Task description:
Determine the number of lines in the listing below in which the word "elegant" is present, and state it without comment.
════════
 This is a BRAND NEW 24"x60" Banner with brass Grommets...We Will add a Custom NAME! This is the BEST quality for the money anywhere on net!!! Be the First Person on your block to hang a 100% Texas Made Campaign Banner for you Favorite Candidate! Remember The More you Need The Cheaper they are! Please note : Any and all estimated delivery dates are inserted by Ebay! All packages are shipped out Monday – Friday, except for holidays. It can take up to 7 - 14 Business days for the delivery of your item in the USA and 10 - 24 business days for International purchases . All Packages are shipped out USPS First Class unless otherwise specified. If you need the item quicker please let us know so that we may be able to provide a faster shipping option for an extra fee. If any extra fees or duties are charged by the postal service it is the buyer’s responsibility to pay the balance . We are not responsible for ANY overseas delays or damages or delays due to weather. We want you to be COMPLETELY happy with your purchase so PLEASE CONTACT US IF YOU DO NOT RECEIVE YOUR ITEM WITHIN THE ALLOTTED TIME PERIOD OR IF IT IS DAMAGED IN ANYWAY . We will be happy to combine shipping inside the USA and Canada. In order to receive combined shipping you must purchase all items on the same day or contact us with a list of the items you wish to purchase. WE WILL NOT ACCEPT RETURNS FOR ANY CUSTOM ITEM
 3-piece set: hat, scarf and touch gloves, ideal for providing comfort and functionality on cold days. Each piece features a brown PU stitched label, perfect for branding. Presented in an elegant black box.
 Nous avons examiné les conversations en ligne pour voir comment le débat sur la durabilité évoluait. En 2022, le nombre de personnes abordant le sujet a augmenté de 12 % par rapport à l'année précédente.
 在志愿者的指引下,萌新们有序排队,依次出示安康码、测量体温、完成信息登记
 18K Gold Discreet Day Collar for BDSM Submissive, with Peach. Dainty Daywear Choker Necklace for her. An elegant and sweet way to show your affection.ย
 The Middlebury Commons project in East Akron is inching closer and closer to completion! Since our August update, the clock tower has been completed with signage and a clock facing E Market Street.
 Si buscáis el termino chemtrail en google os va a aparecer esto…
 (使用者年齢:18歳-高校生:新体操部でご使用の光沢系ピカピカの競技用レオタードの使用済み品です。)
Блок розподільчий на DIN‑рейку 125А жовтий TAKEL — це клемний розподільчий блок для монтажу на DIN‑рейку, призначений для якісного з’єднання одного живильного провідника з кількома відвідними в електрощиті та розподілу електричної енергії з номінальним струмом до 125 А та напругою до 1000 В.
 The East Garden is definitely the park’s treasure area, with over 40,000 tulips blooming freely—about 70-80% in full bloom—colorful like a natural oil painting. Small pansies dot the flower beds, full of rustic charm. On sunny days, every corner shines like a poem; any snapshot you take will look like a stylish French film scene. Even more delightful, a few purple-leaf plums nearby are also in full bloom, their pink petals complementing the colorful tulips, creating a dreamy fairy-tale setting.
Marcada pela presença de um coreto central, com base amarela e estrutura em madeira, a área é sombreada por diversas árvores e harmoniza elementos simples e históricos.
════════
Expected answer:
2